+++ GIVEN ENTRIES
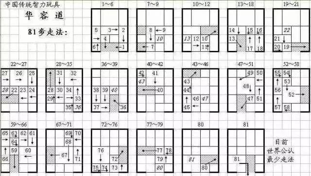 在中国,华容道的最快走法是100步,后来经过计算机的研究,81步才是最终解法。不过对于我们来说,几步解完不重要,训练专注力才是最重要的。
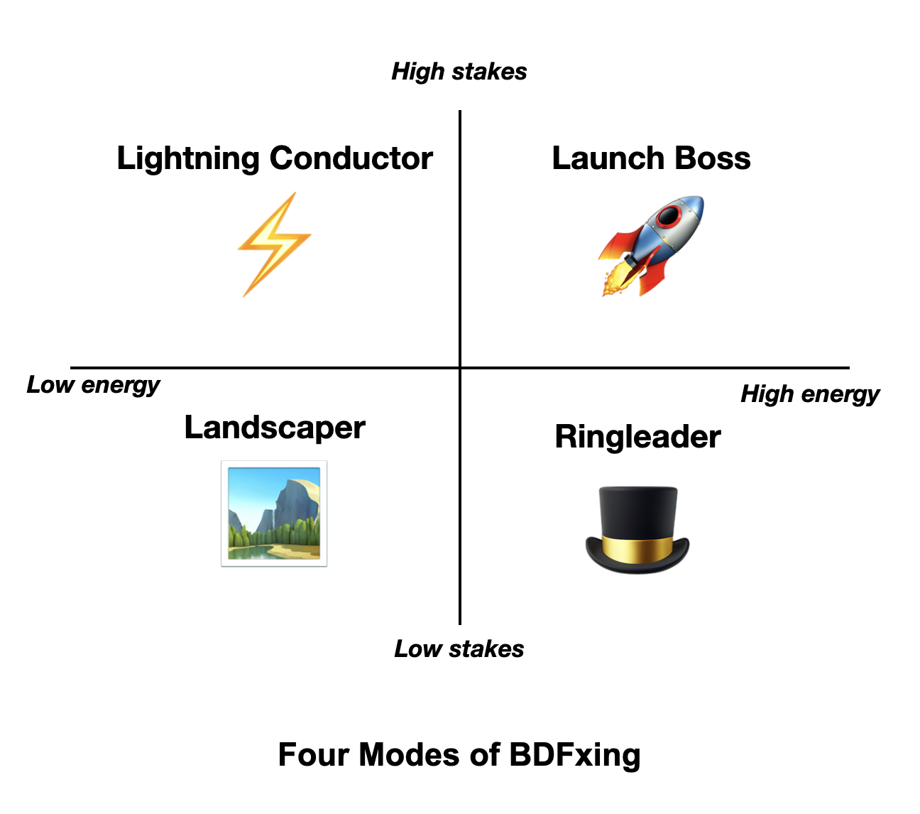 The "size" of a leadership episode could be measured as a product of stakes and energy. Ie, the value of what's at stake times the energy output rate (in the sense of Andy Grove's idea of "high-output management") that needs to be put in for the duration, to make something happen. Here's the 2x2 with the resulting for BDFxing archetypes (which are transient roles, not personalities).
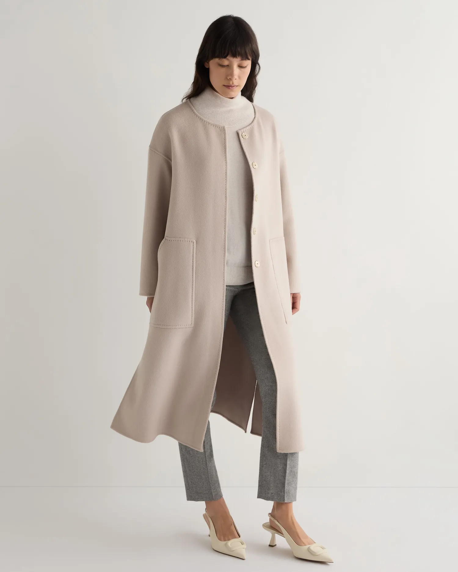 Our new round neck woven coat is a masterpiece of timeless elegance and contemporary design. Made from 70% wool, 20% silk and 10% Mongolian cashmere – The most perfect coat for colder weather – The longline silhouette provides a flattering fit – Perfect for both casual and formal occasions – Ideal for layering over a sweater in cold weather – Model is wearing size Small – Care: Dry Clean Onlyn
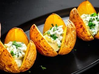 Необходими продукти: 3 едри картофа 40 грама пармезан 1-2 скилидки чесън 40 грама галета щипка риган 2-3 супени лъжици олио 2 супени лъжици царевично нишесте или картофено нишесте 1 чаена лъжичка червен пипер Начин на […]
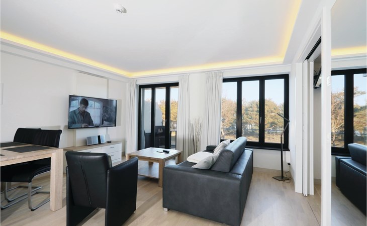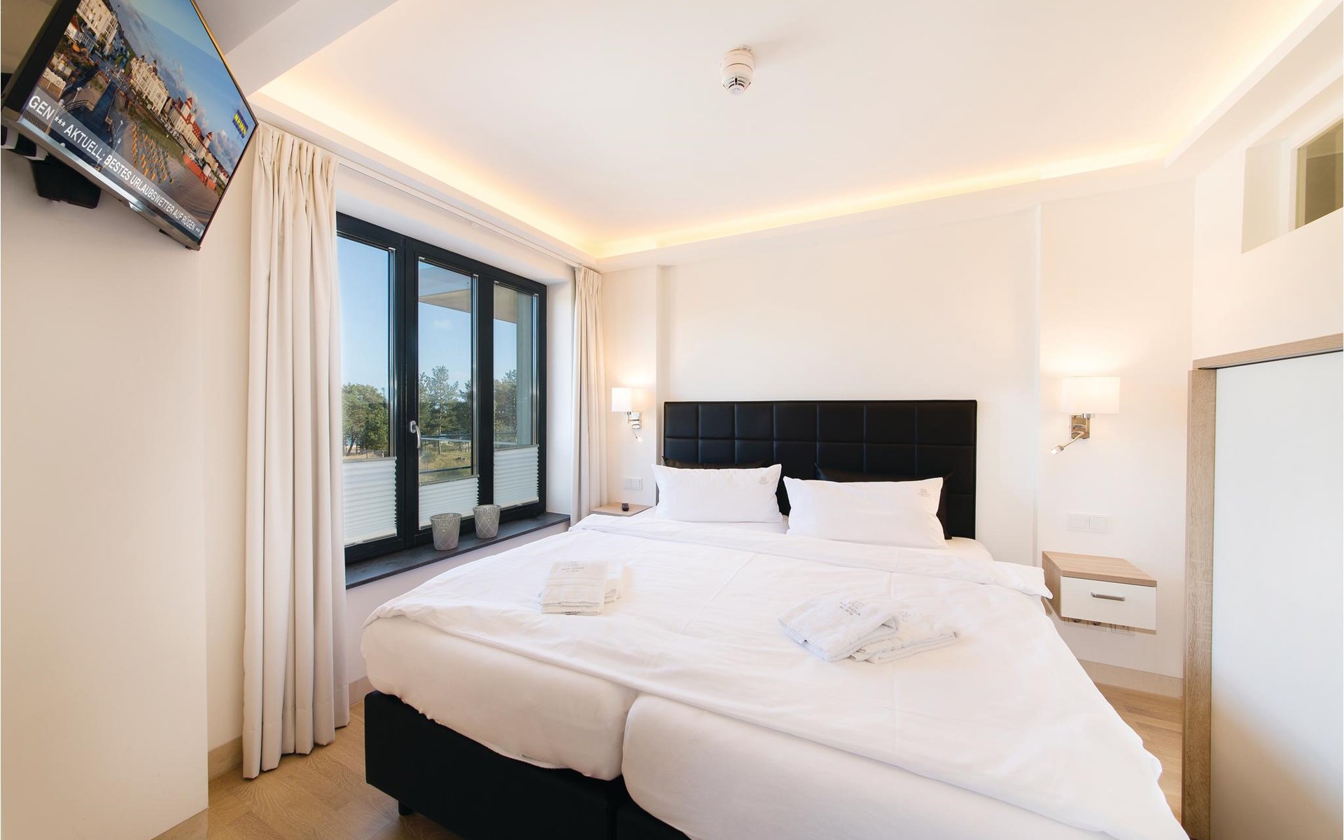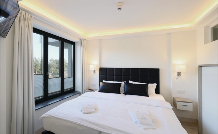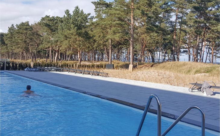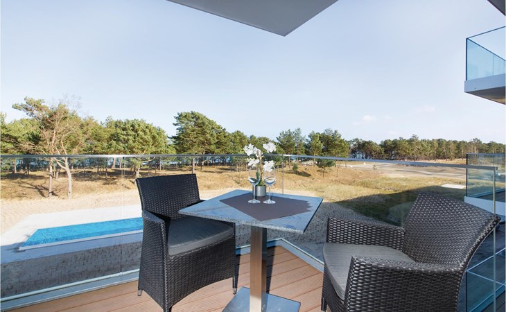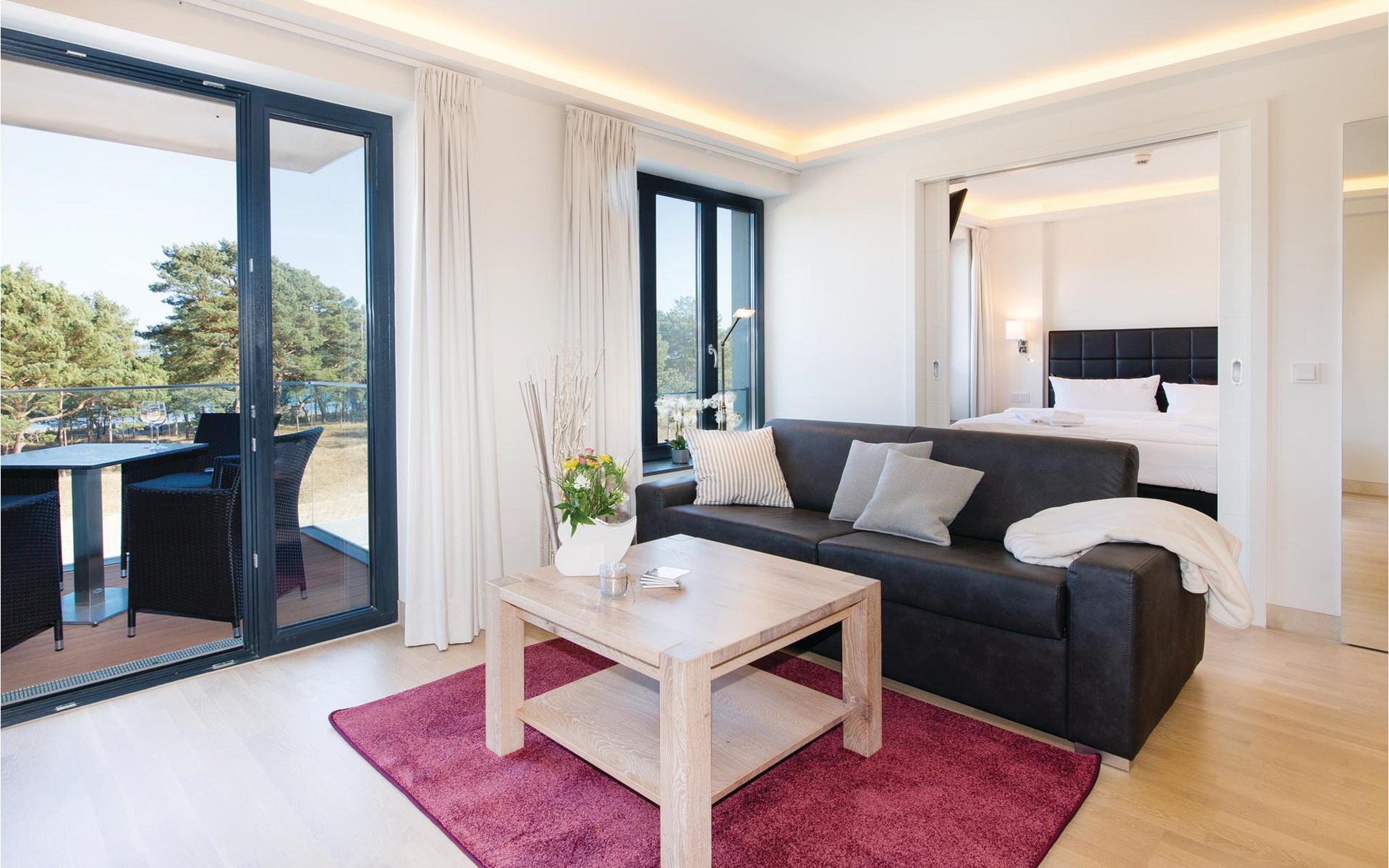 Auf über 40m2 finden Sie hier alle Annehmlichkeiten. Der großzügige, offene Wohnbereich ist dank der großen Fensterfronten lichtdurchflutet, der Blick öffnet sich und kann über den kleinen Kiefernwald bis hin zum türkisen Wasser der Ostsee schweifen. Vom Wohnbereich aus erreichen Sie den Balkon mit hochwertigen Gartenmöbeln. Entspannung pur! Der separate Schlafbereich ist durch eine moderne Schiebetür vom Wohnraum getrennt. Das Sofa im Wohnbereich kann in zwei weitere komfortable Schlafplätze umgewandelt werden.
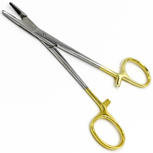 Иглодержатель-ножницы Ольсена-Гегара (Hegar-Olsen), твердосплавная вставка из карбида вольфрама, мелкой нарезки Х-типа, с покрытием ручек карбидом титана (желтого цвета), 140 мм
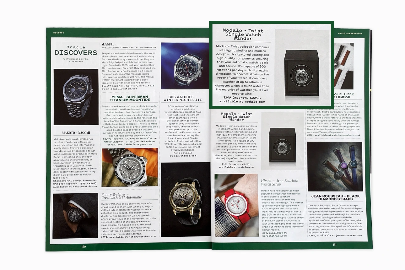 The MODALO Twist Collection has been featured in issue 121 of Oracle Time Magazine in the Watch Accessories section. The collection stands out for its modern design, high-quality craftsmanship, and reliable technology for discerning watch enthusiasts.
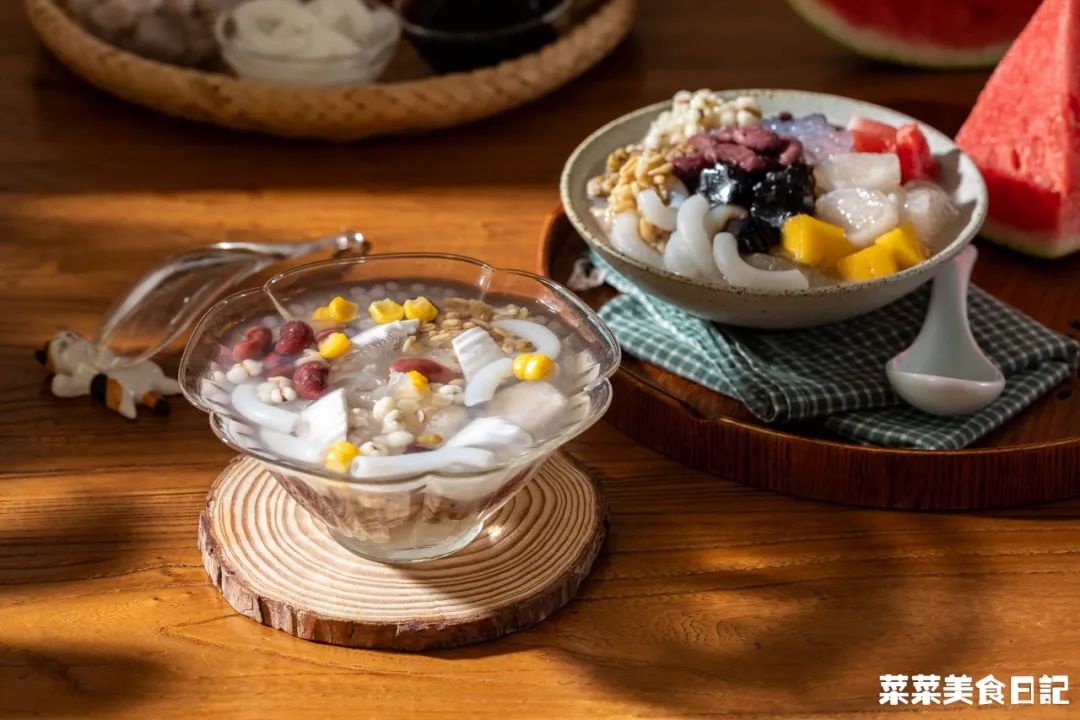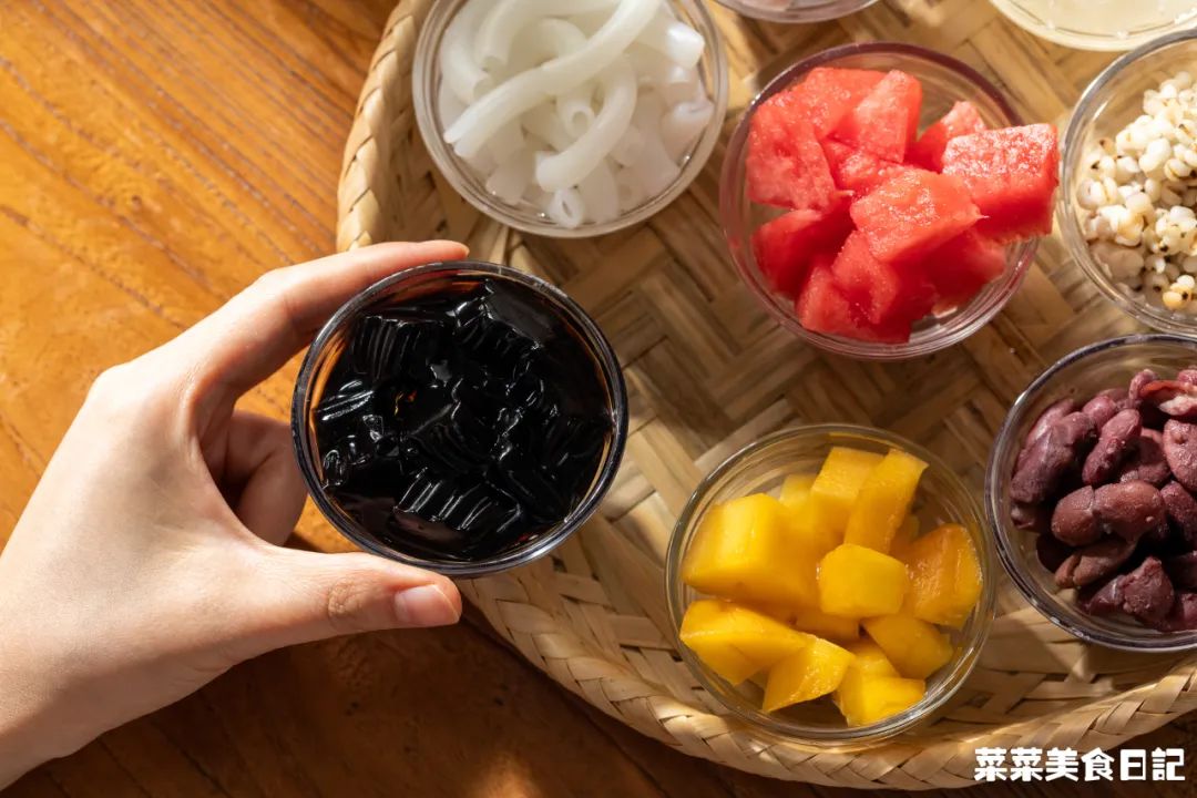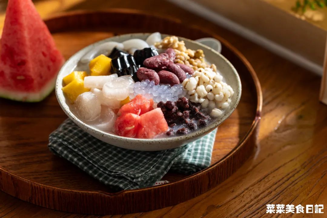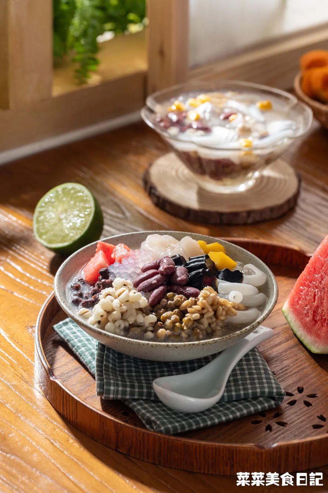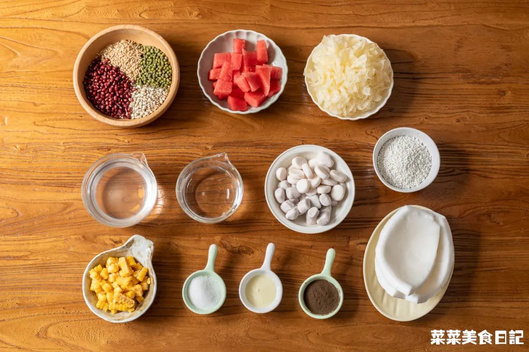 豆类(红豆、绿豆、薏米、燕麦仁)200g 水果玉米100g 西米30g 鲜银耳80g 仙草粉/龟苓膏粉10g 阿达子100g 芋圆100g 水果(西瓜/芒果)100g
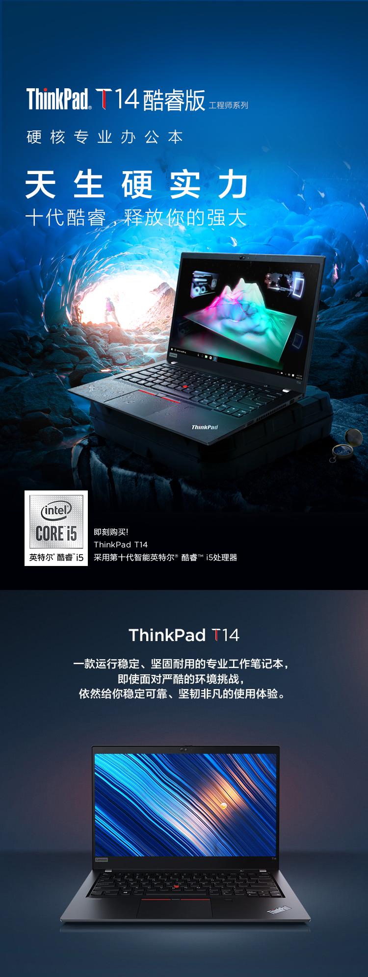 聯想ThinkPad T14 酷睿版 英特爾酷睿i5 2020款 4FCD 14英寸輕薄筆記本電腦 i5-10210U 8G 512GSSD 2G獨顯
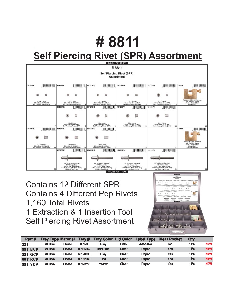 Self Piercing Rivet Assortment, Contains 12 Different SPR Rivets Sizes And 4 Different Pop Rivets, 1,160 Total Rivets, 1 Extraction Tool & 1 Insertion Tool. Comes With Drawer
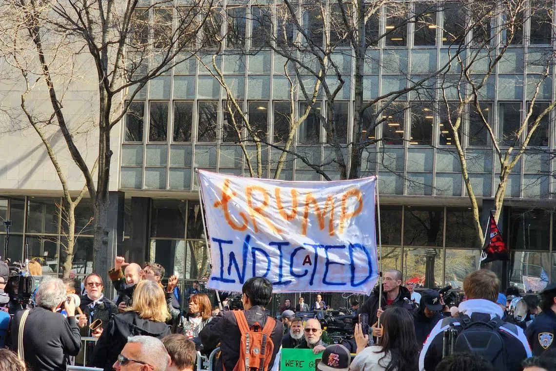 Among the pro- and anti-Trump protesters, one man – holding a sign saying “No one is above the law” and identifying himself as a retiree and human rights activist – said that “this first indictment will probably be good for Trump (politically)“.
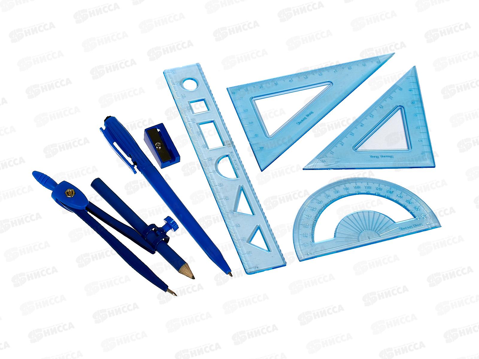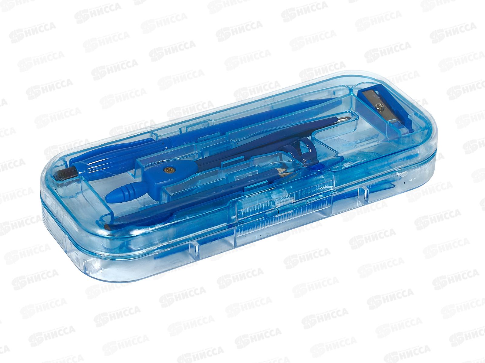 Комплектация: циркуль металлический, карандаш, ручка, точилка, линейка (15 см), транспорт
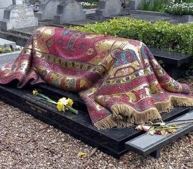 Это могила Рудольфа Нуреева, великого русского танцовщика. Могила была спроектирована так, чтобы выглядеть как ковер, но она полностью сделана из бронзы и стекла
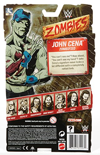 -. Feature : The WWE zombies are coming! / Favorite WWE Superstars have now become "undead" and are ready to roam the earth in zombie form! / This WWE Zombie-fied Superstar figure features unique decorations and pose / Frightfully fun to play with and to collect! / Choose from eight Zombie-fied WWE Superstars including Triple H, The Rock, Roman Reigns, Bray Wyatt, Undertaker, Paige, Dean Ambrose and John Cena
++++++
(WHAT THE TASK ASKS) Only the lines above starting with the line with "The MODALO Twist" and going on through the line with "聯想ThinkPad T14 酷睿版" belong in the answer; repeat them exactly, minus any picture.

(WRITTEN ANSWER)
 The MODALO Twist Collection has been featured in issue 121 of Oracle Time Magazine in the Watch Accessories section. The collection stands out for its modern design, high-quality craftsmanship, and reliable technology for discerning watch enthusiasts.
 豆类(红豆、绿豆、薏米、燕麦仁)200g 水果玉米100g 西米30g 鲜银耳80g 仙草粉/龟苓膏粉10g 阿达子100g 芋圆100g 水果(西瓜/芒果)100g
 聯想ThinkPad T14 酷睿版 英特爾酷睿i5 2020款 4FCD 14英寸輕薄筆記本電腦 i5-10210U 8G 512GSSD 2G獨顯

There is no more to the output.